The next most volatile compound in this group was 2,6-dichlorobenzaldehyde. It was calculated by ChemSpider to be 239C at 1 atm, which is reasonable based on the 4-chloro analog. But here's an interesting twist - the reported boiling point is 165C on this MSDS sheet. It should be simple enough to see if that is an error by clicking through to the lab notebook page that generated that MSDS sheet... oh wait... MSDS sheets don't require proof, just this handy disclaimer: "We have not verified this information, and cannot guarantee that it is up-to-date." It also looks mighty trustworthy: "the page is maintained by the Safety Officer in Physical Chemistry at Oxford University". I'm not knocking Oxford - this is standard practice for the flow of chemical information in the current culture.
The bottom line is that 2,6-dichlorobenzaldehyde didn't evaporate off - we get a value of 3.4 M in chloroform. Now is it possible that some of it evaporated under the conditions of that experiment? Maybe but it is my call that we're going to use that number for now as a good enough approximation for our model. It is possible that your application might have a different requirement. At least you have the information available in the Open Lab Notebook to make the call.

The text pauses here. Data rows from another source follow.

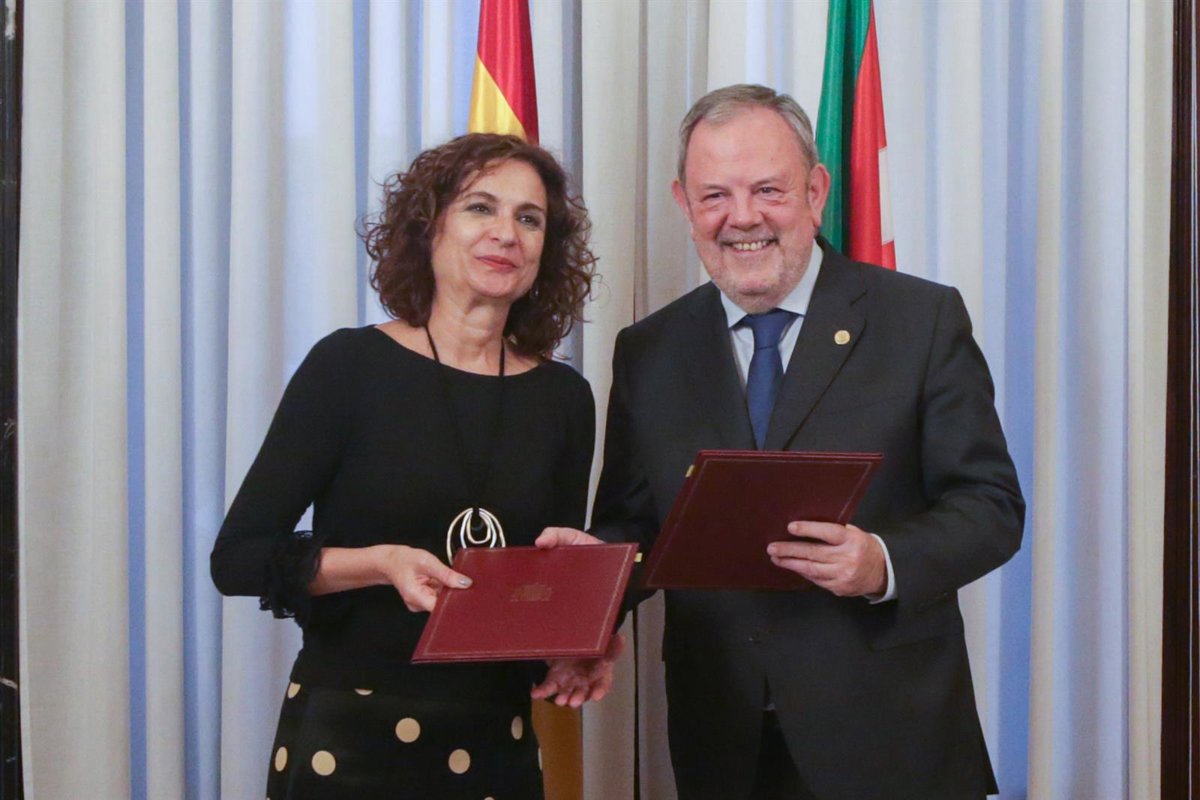 La ministra de Hacienda y portavoz del Gobierno, María Jesús Montero y el consejero de Hacienda y Economía del Gobierno de Euskadi, Pedro Azpiazu, posan tras la reunión de la Comisión Mixta del Concierto Económico - Ricardo Rubio - Europa Press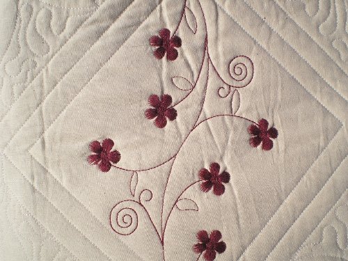 Buy 3pc Beige / Burgundy 100% Cotton Fully Quilted Embroidery Bed Cover Bedspread Quilts Set Queen Now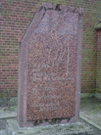 Allgemeines Denkmal für Kriegsopfer, aufgerichtete rote Granitplatte mit eingraviertem Motiv eines sterbenden und eines trauernden; Gedenktafel 1. Weltkrieg und Täfelchen 2. Weltkrieg in der Kirche; Familien Gedenkgrab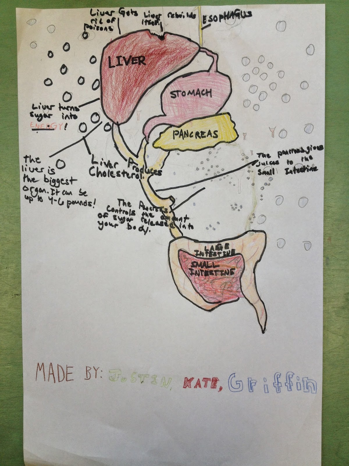 Each group was assigned a different book by Seymour Simon (Bones, Brain, Heart, or Muscles). One at a time, they read a page from the book. After each student had read once, they looked back and decided which ideas were MAIN ideas and how to support the main idea with details.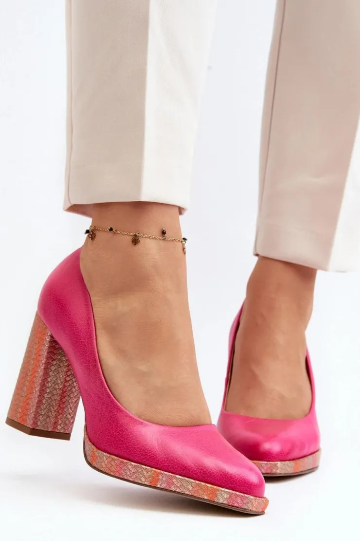 Stylowe czółenka wykonane zostały z wysokiej jakości naturalnej skóry. Osadzone na obcasie w postaci słupka. Noski zaokrąglone. Miękka wkładka oraz stabilny obcas zadbają o Twój komfort. Czółenka posiadają usztywniany zapiętek. Przy wyborze rozmiaru prosimy sugerować się tabelą rozmiarów.
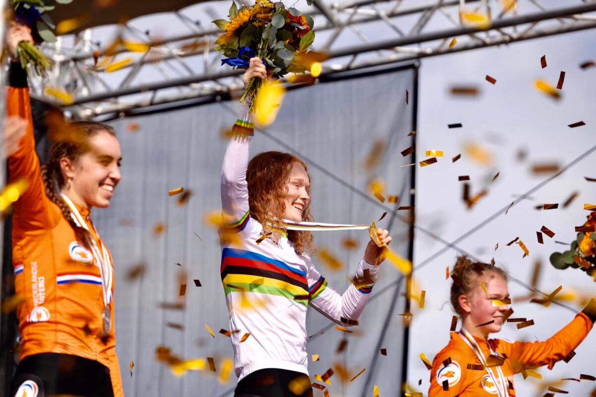 女子U23では、オランダチームの3名がレースを支配。パック・ピーテルスがゴールスプリントでシリン・ファンアンローイを僅差で破って初のアルカンシェル獲得となりました。
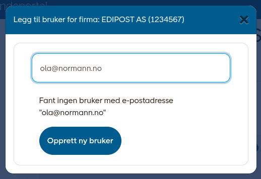 6. Legg inn e-postadressen til den nye brukeren og trykk Opprett ny bruker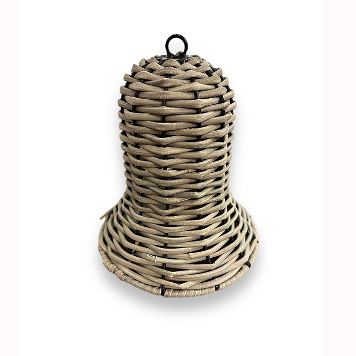 Rottinkikellokoriste jouluiseen koristeluun. Kellon korkeus 20cm, lenkin kanssa noin 21cm. Halkaisijia noin 18cm. Kellon päässä ripustuslenkki, josta sen saa roikkumaan.

The solubility of 4-chlorobenzaldehyde in chloroform was measured again, this time monitoring the pressure and minimizing time on the Speed-Vac. The pressure varied over the course of the evaporation, making it impossible to neatly summarize in the experimental section of a paper. The measurement was done in duplicate in EXP209 and comes out at 3.61 molar with a standard deviation of 0.02. That isn't a fact but a good enough number under these circumstances to pretend it is and use it for our model. We'll see how it plays out when we have different researchers and use different techniques.